Девушка помолчала немного, внимательно глядя в мои глаза, а потом как бы выдавила из себя:
– Я и так уже наговорила кучу лишнего. Ты прав. Слишком осторожной быть невозможно. По-моему, теперь твоя очередь говорить.
– Хорошо. Ты уже привыкаешь иметь с нами дело. Что же ты хочешь узнать?
– А где в самом деле деревня? И Амбер? У них есть что-то общее, а? И что ты имел в виду, когда сказал, что Амбер находится в любом направлении или во всех сразу? И что такое Тени?
Я встал рывком, поглядел на нее сверху вниз и протянул ей руку. Испуганная, она казалась еще моложе, но руку все-таки не отвела.
– Куда?.. – начала она, вставая.
– В ту сторону, – показал я и повел ее. Мы остановились на том самом месте, откуда я глядел на мельничное колесо и где уснул.
Она стала говорить что-то, но я остановил ее:
– Не надо. Просто смотри.
Мы постояли, глядя на все это: шум, верчение и плеск, – пока я не упорядочил свое сознание. А потом сказал ей:
– Идем.
И, взяв под руку, повел ее к лесу.
Пока мы шли среди деревьев, появившаяся откуда-то тучка затмила солнце. Спустились тени, стали пронзительнее голоса птиц, под ногами стало сыро. Мы переходили от дерева к дереву, и листья их удлинялись и расширялись. А когда солнце вышло из-за тучки, оно оказалось желтее, чем было прежде. За поворотом тропинки деревья уже были обвиты виноградной лозой. Голоса птиц охрипли, их стало больше. Тропа забирала вверх. Миновав гранитную скалу, мы вышли на пригорок. Где-то вдалеке за спиной еле слышно громыхнуло.
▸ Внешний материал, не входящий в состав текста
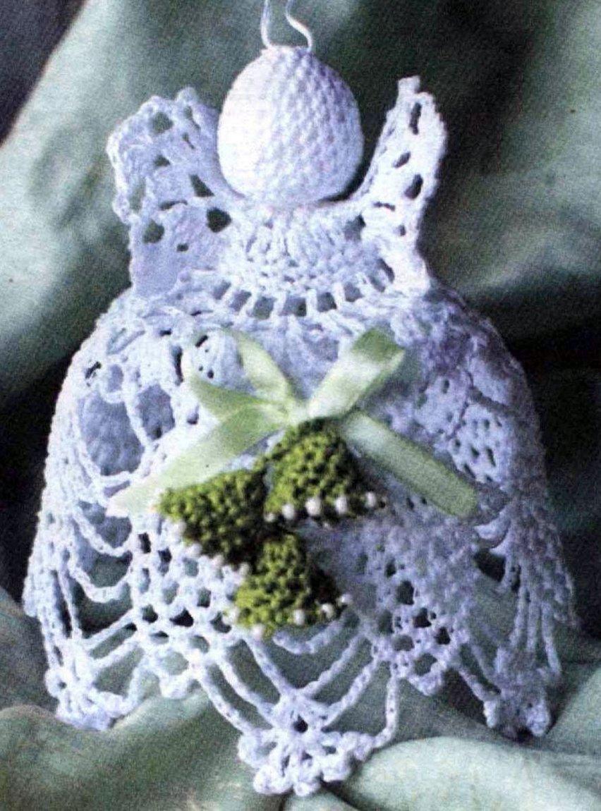 Отличную елочную игрушку можно сделать, связав ангела в виде колокольчика
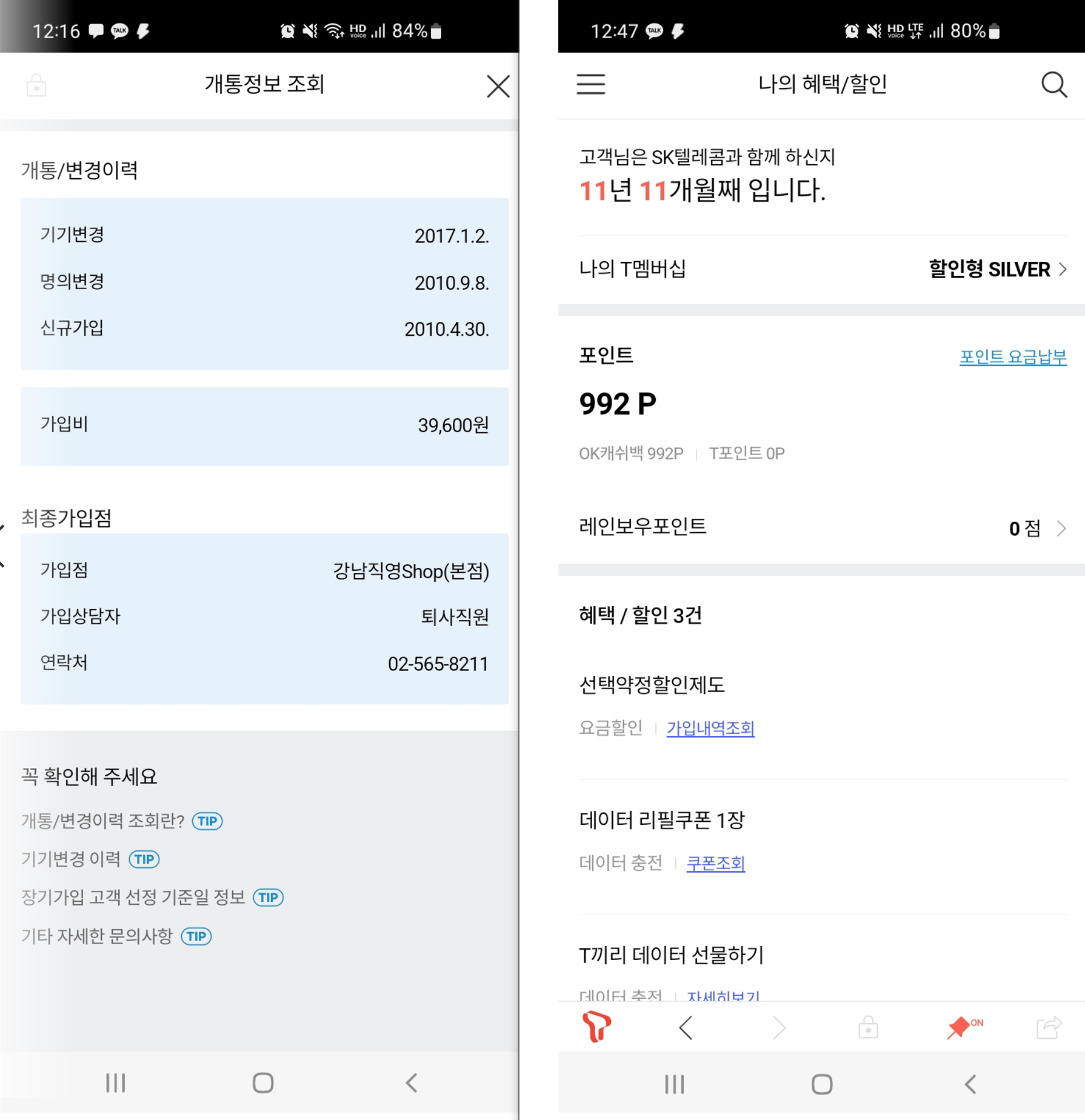 추가적으로 어제 대리점가서 직접 가입연수를 확인해봤어요!

Когда мы снова вышли на прогалину, синева неба приняла совсем другой оттенок, и мы вспугнули большую коричневую ящерицу, устроившуюся греться на камне.
Обойдя другую скалу, Дара сказала:
– Я и не знала, что тут есть такое. Никогда раньше не…
Я не отвечал – некогда было говорить, я раздвигал Тени.
А потом перед нами опять оказался лес, дорога снова шла в гору. Деревья стали тропическими гигантами, возвышающимися над папоротниками, звуки изменились, слышался лай, шипение и жужжание. Грохот все усиливался, сама земля дрожала под ногами. Дара прильнула к моей руке, ничего не спрашивая больше, только внимательно оглядываясь по сторонам.
Вокруг виднелись крупные плоские бледные цветки, в лужицы между ними сверху звонко капала вода. Стало гораздо жарче, и мы уже взмокли. Грохот превратился в могучий рев; наконец, когда мы вышли из леса, он сделался подобным грому. Я подвел девушку к краю обрыва и показал вперед. Могучий водопад перед нами терзал воду. Вниз обрывались тысячефутовые струи. Течение уносило пузыри и песок вдаль. Перед нами, быть может, в полумиле за радугой и туманом, словно раскрученное титаном, поблескивало, медленно вращаясь, гигантское колесо. Невероятной величины птицы, словно летучие распятия, бороздили небо высоко вверху.
Мы постояли. Говорить было невозможно, да это и не требовалось. Потом, когда Дара глянула вновь на меня и нерешительно сузила глаза, я кивнул и молча показал на лес. И мы пошли в обратную сторону.